Extracted data Start Marker

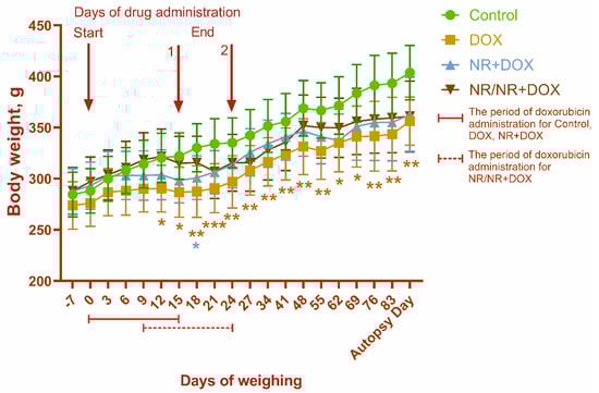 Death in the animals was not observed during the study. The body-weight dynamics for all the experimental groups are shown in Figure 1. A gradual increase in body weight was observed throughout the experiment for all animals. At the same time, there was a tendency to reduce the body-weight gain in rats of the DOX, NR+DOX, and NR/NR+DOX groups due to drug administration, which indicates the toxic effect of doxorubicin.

Extracted data End Marker
Extracted data Start Marker

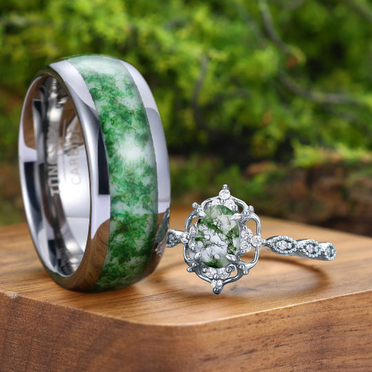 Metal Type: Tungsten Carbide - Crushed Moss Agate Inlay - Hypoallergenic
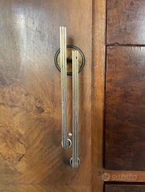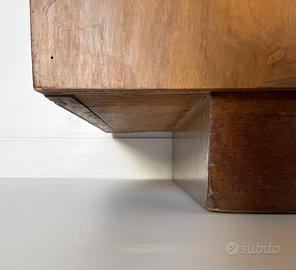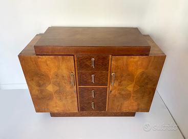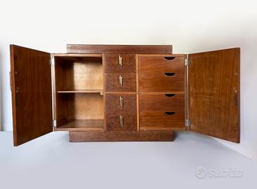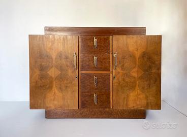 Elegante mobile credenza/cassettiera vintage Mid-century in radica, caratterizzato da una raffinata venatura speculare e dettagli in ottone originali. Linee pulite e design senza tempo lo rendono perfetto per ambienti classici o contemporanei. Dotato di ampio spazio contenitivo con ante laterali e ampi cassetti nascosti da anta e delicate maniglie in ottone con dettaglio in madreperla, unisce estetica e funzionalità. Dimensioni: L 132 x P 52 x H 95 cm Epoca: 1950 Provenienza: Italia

Extracted data End Marker

# What is expected:
Take the entries above and copy exactly the lines starting at the one with "Metal Type: Tungsten" and ending at the one with "Elegante mobile credenza/cassettiera"; nothing outside that span, and no pictures.

# Reply to the exercise:
 Metal Type: Tungsten Carbide - Crushed Moss Agate Inlay - Hypoallergenic
 Elegante mobile credenza/cassettiera vintage Mid-century in radica, caratterizzato da una raffinata venatura speculare e dettagli in ottone originali. Linee pulite e design senza tempo lo rendono perfetto per ambienti classici o contemporanei. Dotato di ampio spazio contenitivo con ante laterali e ampi cassetti nascosti da anta e delicate maniglie in ottone con dettaglio in madreperla, unisce estetica e funzionalità. Dimensioni: L 132 x P 52 x H 95 cm Epoca: 1950 Provenienza: Italia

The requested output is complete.